1] After a few days your cable line will begin to struggle and your pc will often lock up

2] AVG antivirus software flags a problem under the "Heuristic" - Unfortunately AVG knows its there but can't shift it.

3] It seems to using an IRC channel to access your passwords and stuff...

This is not very nice. What makes it worse is that this virus has been mutated by a programmer (that's why AVG cant't kill it its not out in the broader domain). You need a pro-level virus remover to get shot of it (I eventually got a trial version of some software that did the job [I hope] - I'll post it when I get back home). I know more or less what I'm doing on PC's and it took three days to kill it AND I couldn't play poker because the thing locks the pc after ten minutes.


The software I used nailed the source of the virus as Unisnt.000 as supplied by SngPowertools.

Now I don't know what's happened here.. SnGpowertoools is ok but if you have it. Do a virus scan with AVG and set the heuristic running. Leave you machine for 20 minutes. If a virus warning with "MSconfig32" comes up and you can't heal it then come back here to find the software I used to remove it. (I'll post later). I would advise against leaving your PC on and connected to the net if you find its there...

__________________
See me playing $10/$20NL like it was play money

http://video.google.co.uk/videoplay?...405&q=xxdemexx

Doberman: "but Sarge, isn't poker gambling and just luck?"
Sgt. Bilko:" not the way I play it"

www.kaspersky.com has an free online scanner that doesnt requrie a client to use. They also have a free one month trial client version too, it killed a few bugs that norton couldn't even touch. Highly recommended.

__________________

Well I know what program I'm not getting anytime soon.

Bob,

Are you running a firewall?

Do you know the folder that this file was located in?
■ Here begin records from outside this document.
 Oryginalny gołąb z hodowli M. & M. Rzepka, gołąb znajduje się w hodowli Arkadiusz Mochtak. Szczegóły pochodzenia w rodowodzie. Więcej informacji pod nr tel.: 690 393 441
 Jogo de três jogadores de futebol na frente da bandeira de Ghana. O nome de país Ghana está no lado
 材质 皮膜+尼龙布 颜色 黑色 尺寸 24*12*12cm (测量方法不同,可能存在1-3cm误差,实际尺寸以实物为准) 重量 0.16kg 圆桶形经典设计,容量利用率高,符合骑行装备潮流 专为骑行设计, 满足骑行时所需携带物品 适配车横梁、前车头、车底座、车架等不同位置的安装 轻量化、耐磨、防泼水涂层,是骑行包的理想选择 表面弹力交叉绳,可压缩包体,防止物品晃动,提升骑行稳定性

Firewall..: I just got cable - we live in a rural area... and I networked through a router with a built in fiewall (but its not that great). Zonealarm doesnt work (unless you pay) with networks.

The software that I think/hope killed it is found here

http://www.prevx.com/

it is a 60 day free trial.There may be others that kill it. AVG doesn't.

Just deleting this file:

\sngpt\sng pokertools\unins000.exe

I'm not sure will work - the bloody thing will just respawn. BUT if you have the above file then do something about it....

__________________
See me playing $10/$20NL like it was play money

http://video.google.co.uk/videoplay?...405&q=xxdemexx

Doberman: "but Sarge, isn't poker gambling and just luck?"
Sgt. Bilko:" not the way I play it"

The reason why I ask is because unins000.exe is a farily common file and could be found in numerous directories on your PC, not just SNGPowertools. Did you download SNG from their website or from somewhere else (torrents, perhaps?)
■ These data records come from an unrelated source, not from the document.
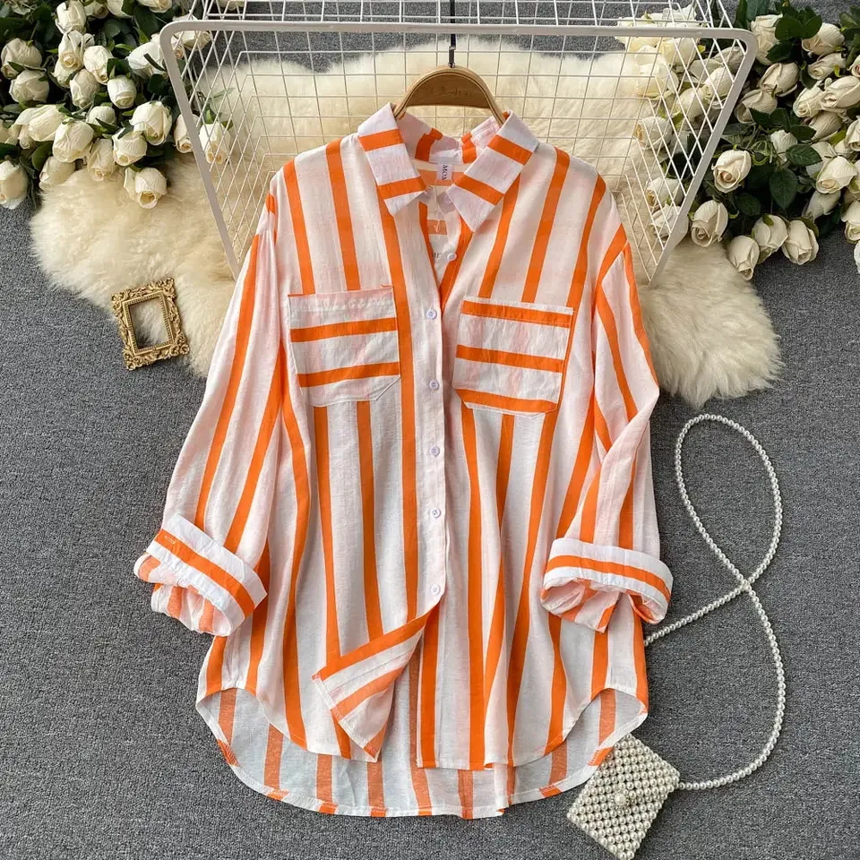 Summer Spring Autumn New Mid-length Vertical Stripes Multi-color Shirt Coat Female Korean Version Casual Loose T-shirt Coat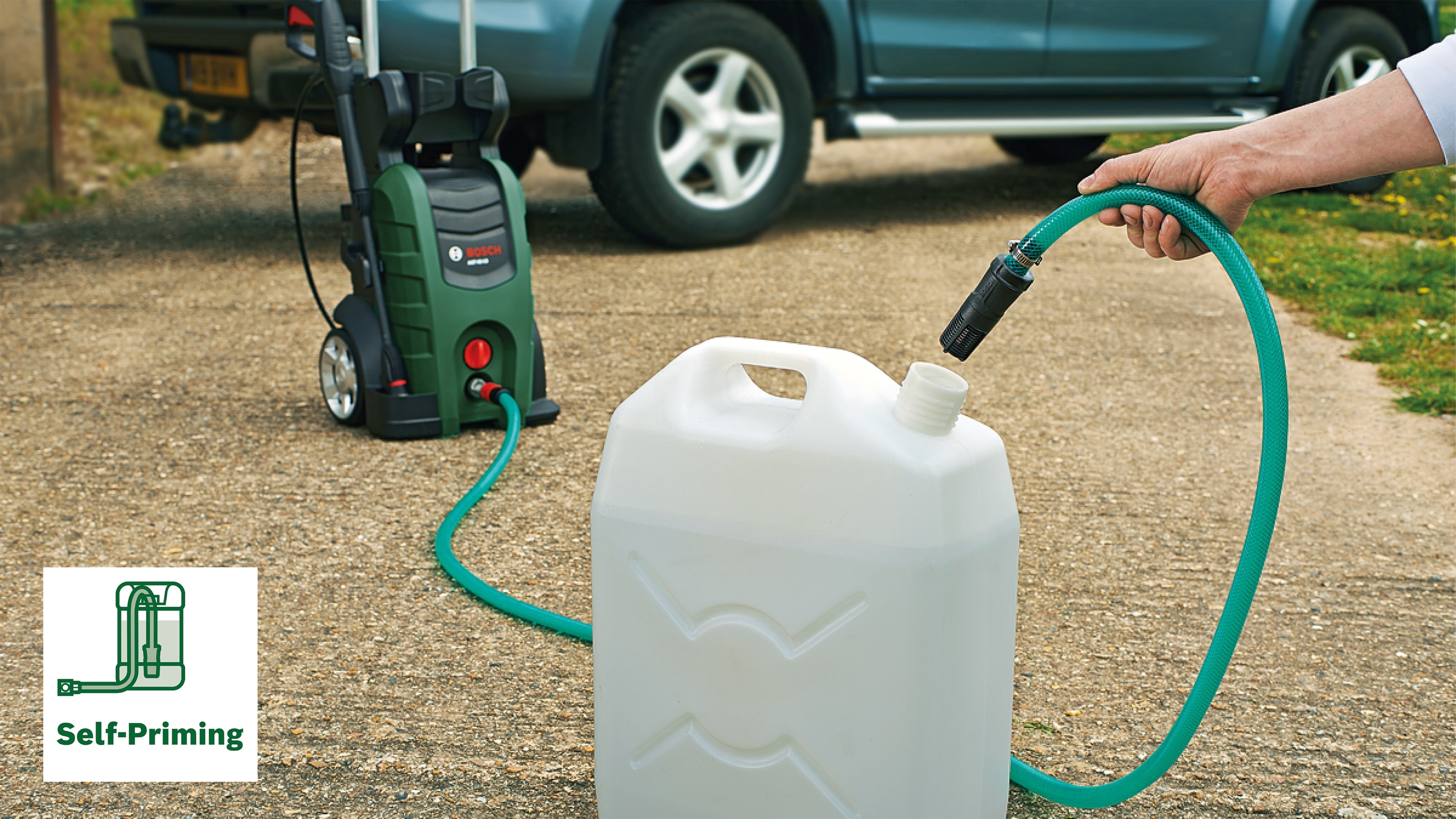 | Větší flexibilitaVysokotlaký čistič Bosch je vybaven schopností samonasávání z externího vodního zdroje, jako je nádrž na dešťovou vodu. To přináší větší flexibilitu a možnosti pohybu při čištění. |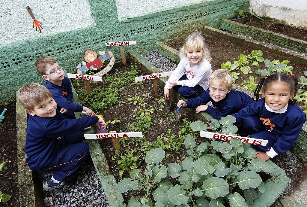 O trabalho na horta, feito pela escola Pés no Chão (foto), é uma forma de levar consciência ambiental a crianças de até 6 anos. "No mundo pequeno da escolinha, elas percebem a dimensão do meio ambiente e de suas atitudes.", diz a vice-diretora da escola, Roberta Obladen.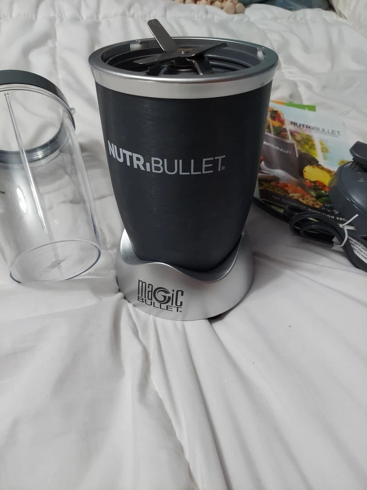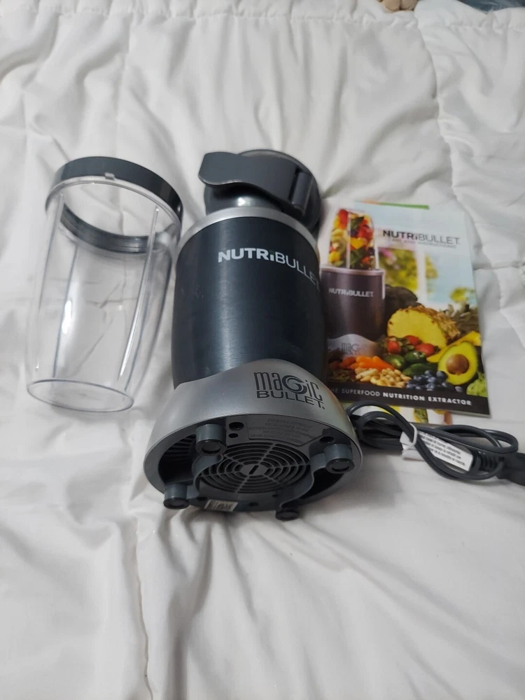 This Magic Bullet/nutribullet blender is a versatile and powerful tool for any kitchen. With a 24 oz capacity and 600 W power, it can handle all your blending needs with ease. The bullet blender comes in a sleek gray color and is made of durable plastic material. The blender includes a blender component and operates on a single speed. It is perfect for those who want a simple and efficient blending solution. Whether you're making smoothies, purees, or even grinding coffee, this Magic Bullet blender is the perfect choice.

I know you're not necessarily saying this but I doubt SNGPowertools is allowing people to download an infected version of their software from their website as it would be pretty bad for business. The infected file in question could have come from a number of different places. Don't get me wrong, it's definitely a good idea to check your system for viruses if you've downloaded this program but I wouldn't be too worried to download it myself if I was interested.

I never had any problems running free ZA through a router.

Built in firewalls won't stop stuff from connecting from your competer. ZA would let you isolate the file so I could not connect to the net. If the free version doesnt work for, buy somthing. It is better than having to reinstall Windows.

I was able to run my system fine with a couple of worms and trojans I couldn't get rid of by isolating them with the firewall. That is until I turned it off and connected to the net one day. I lasted about 15sec.

i have sng pwr tools. no virus here.

deme,

I think it would be alot safer if u reformatted ur comp instead. The last thing u would want is to think the virus is gone, then login to ur poker account only to get it hacked a few days later and lose all ur money. Back up ur comp, and reformat it would be alot better.